With an aim to bring in more transparency in raising of funds through non-convertible preference shares, market regulator
Sebi on Friday announced a new set of regulations to govern issuance and listing of such securities.
To safeguard the interest of small investors from such high-risk securities, Sebi also said that the listing of privately placed non-convertible redeemable preference shares would require a minimum application size of Rs 10 lakh for each investor.
Besides, the public issuance of such shares would require a minimum three-year tenure for the instruments and a minimum rating of 'AA-' or equivalent investment grade, the market regulator Sebi said in a statement after its board meeting.
There have been many instances of public investors being taken for a ride through sale of such shares, as there have been ambiguity about regulations governing them.

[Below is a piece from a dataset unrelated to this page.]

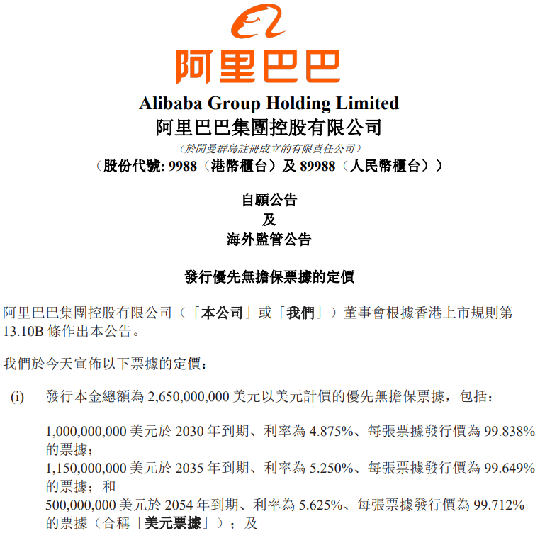 阿里巴巴拟刊行26.5亿好意思元和170亿东说念主民币债券

At the same time, a defined framework for issuance and listing of such shares would also make it easier for banks and infrastructure companies to garner funds through this route.

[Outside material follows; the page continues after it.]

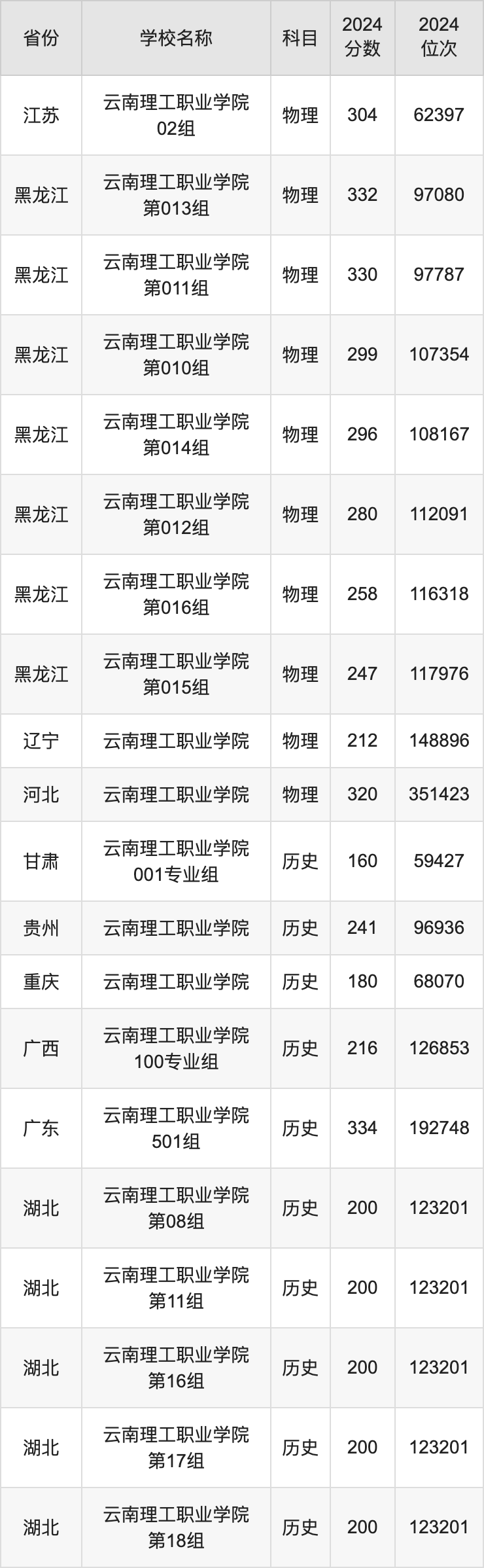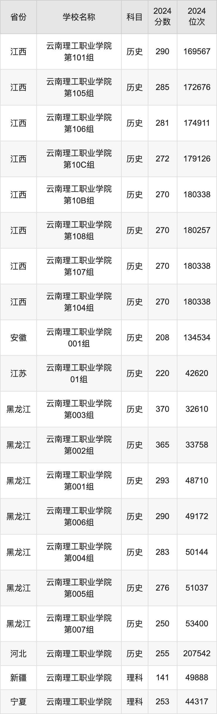 可见,云南理工职业学院的不同科目,在“招生专业、录取分数线”等方面有较大区别。不同科目组之间的分数线差距高达-4分。

Preference share is an equity security with properties of both an equity and a debt instrument. It usually carries no voting rights, but may carry a dividend.
Sebi said that its board has approved the SEBI (Issue and Listing of non-convertible redeemable preference shares) Regulations, 2013 to provide a comprehensive regulatory framework for issuance and listing of non-convertible redeemable preference shares.
Sebi said that the new regulations would be applicable to issuances by banks of non-equity instruments such as Perpetual Non-Cumulative Preference Shares and Innovative Perpetual Debt Instruments, which are in compliance with the specified criteria for inclusion in Additional Tier I Capital.
Such instruments can be issued by banks to meet Basel III norms.
Indian companies have raised over Rs 25,000 crore through preference share issuance in the last three years.